= Beginning of Section =

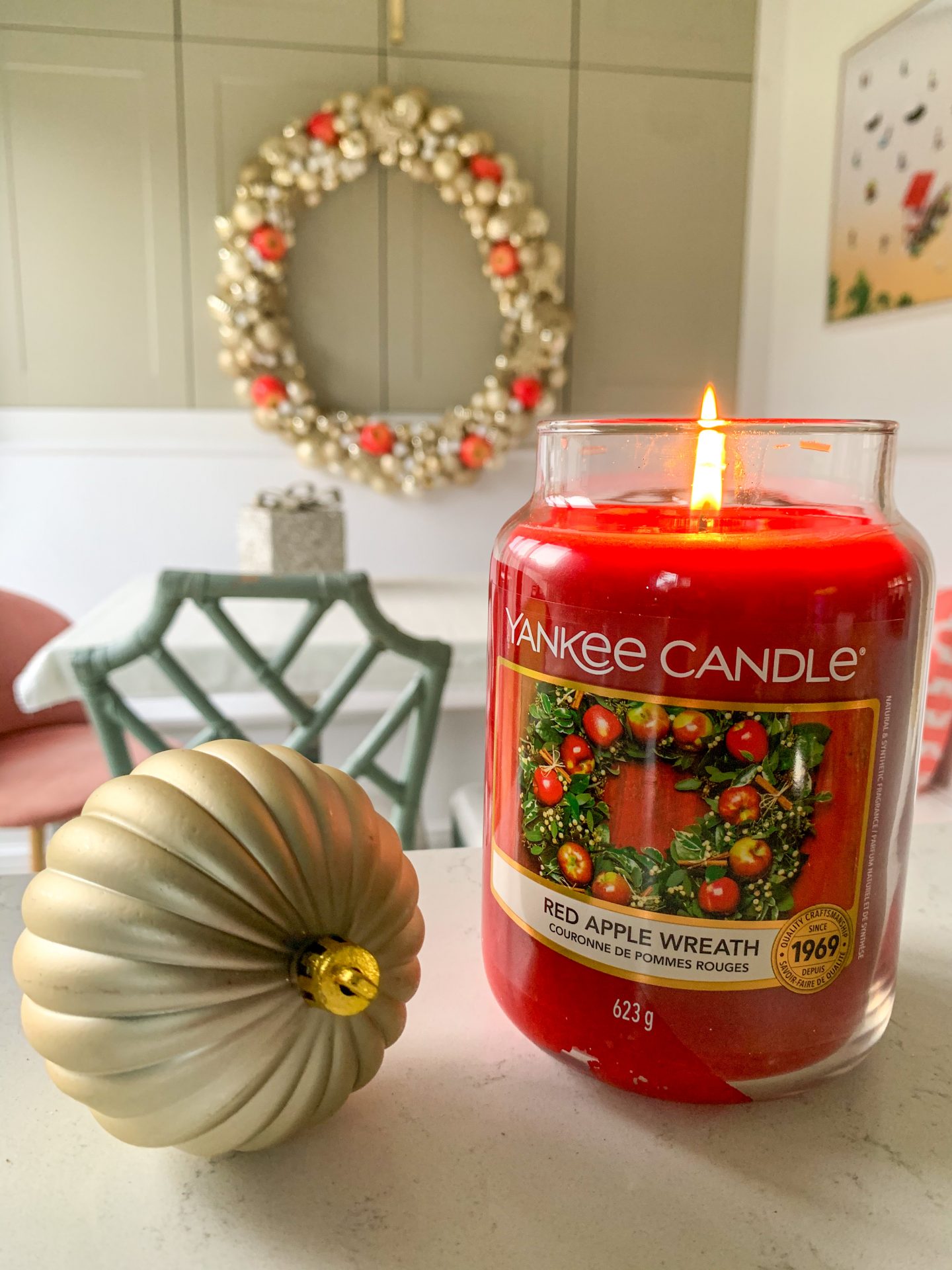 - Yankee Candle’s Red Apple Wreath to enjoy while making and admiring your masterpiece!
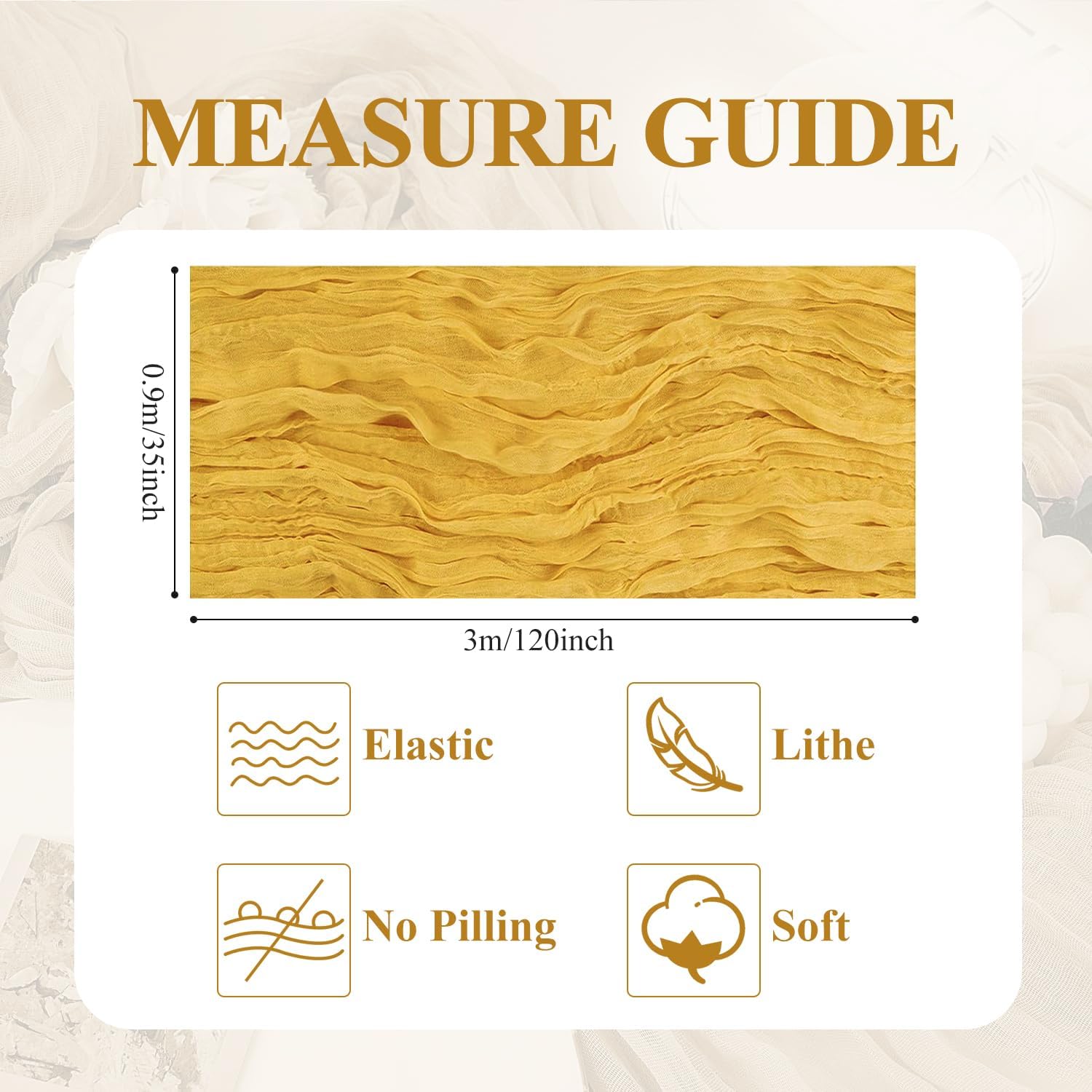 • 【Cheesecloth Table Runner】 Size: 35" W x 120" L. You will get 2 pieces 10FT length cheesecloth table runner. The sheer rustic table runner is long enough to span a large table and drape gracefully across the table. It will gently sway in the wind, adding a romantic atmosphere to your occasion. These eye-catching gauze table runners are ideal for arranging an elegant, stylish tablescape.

= End of Section =
= Beginning of Section =

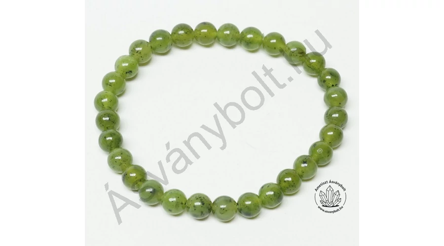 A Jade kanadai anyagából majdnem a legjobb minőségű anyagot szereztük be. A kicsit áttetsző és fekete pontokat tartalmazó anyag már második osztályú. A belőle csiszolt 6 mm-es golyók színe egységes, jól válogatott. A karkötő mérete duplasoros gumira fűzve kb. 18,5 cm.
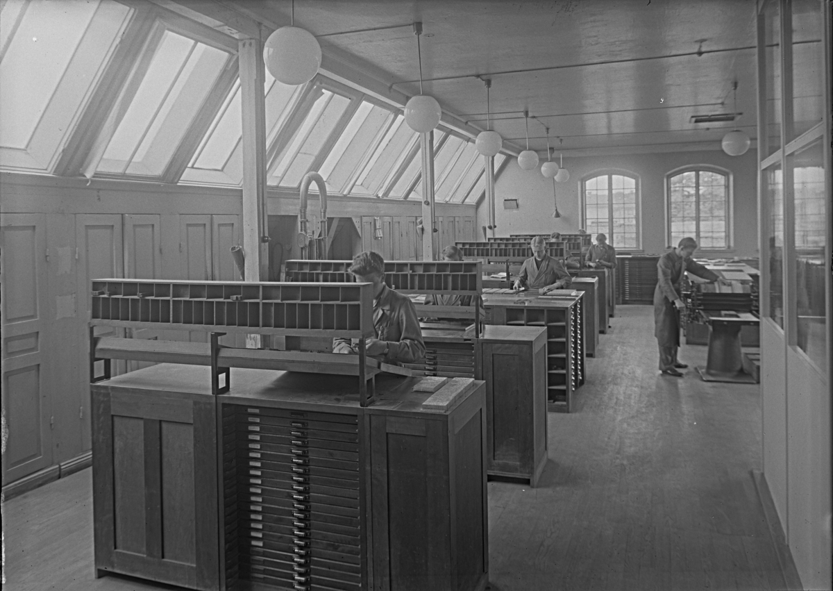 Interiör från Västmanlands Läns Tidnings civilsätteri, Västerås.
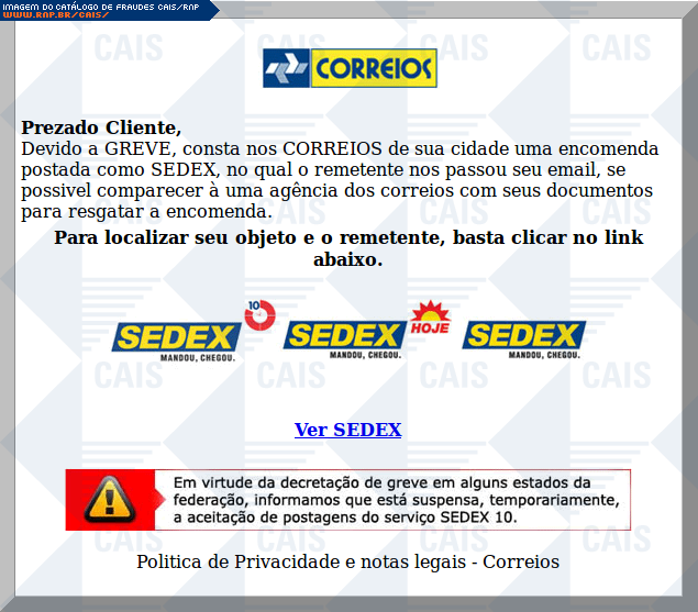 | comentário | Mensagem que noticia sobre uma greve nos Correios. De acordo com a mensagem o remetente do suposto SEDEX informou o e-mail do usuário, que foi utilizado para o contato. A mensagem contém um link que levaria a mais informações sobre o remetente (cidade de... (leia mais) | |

= End of Section =

> INSTRUCTIONS FOR THE TASK:
Repeat exactly the stretch of the listing above that starts with the line holding "A Jade kanadai" and finishes with the line holding "Interiör från Västmanlands", both included. Skip every picture.

> RESPONSE TO THIS EXERCISE:
 A Jade kanadai anyagából majdnem a legjobb minőségű anyagot szereztük be. A kicsit áttetsző és fekete pontokat tartalmazó anyag már második osztályú. A belőle csiszolt 6 mm-es golyók színe egységes, jól válogatott. A karkötő mérete duplasoros gumira fűzve kb. 18,5 cm.
 Interiör från Västmanlands Läns Tidnings civilsätteri, Västerås.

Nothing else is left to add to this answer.